• DATASET EXCERPT:

********

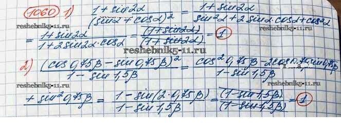 Готовая домашняя работа с ответами по Алгебре за 10 класс Колягин, Ткачёва, Федорова, Шабунин Учебник Базовый и углубленный уровень Просвещение 2017 ФГОС - Упражнения 1060
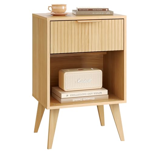 This light-wood nightstand showcases a sculptural fluted design and mid-century modern silhouette that adds texture and visual interest to any space. Use it as a bedside table, an end table in the living room, or a stylish side table to display décor accents.
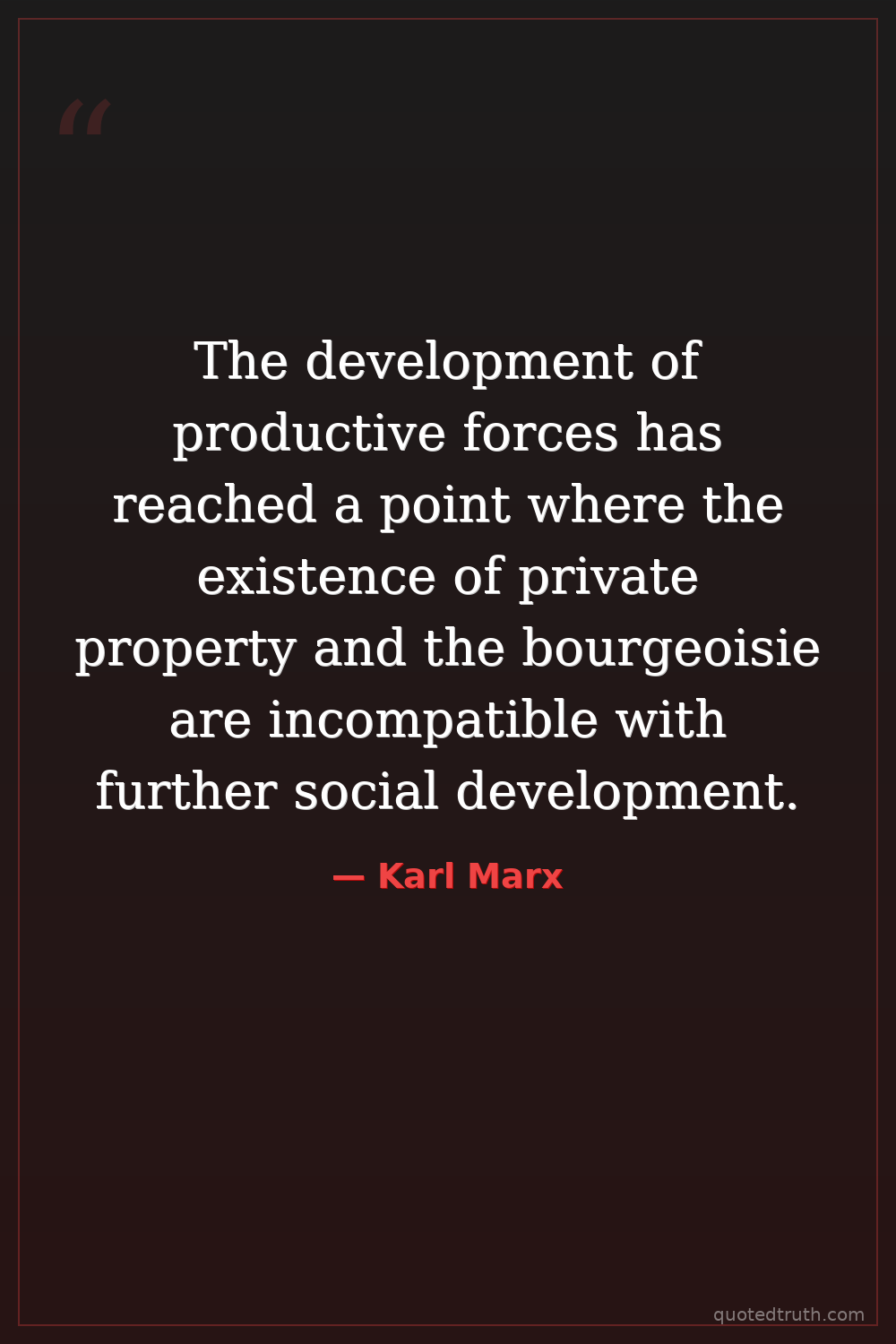 The development of productive forces has reached a point where the existence of private property and the bourgeoisie are incompatible with further social development.

********

Please return the whole listing exactly. Do not copy its images.

 Готовая домашняя работа с ответами по Алгебре за 10 класс Колягин, Ткачёва, Федорова, Шабунин Учебник Базовый и углубленный уровень Просвещение 2017 ФГОС - Упражнения 1060
 This light-wood nightstand showcases a sculptural fluted design and mid-century modern silhouette that adds texture and visual interest to any space. Use it as a bedside table, an end table in the living room, or a stylish side table to display décor accents.
 The development of productive forces has reached a point where the existence of private property and the bourgeoisie are incompatible with further social development.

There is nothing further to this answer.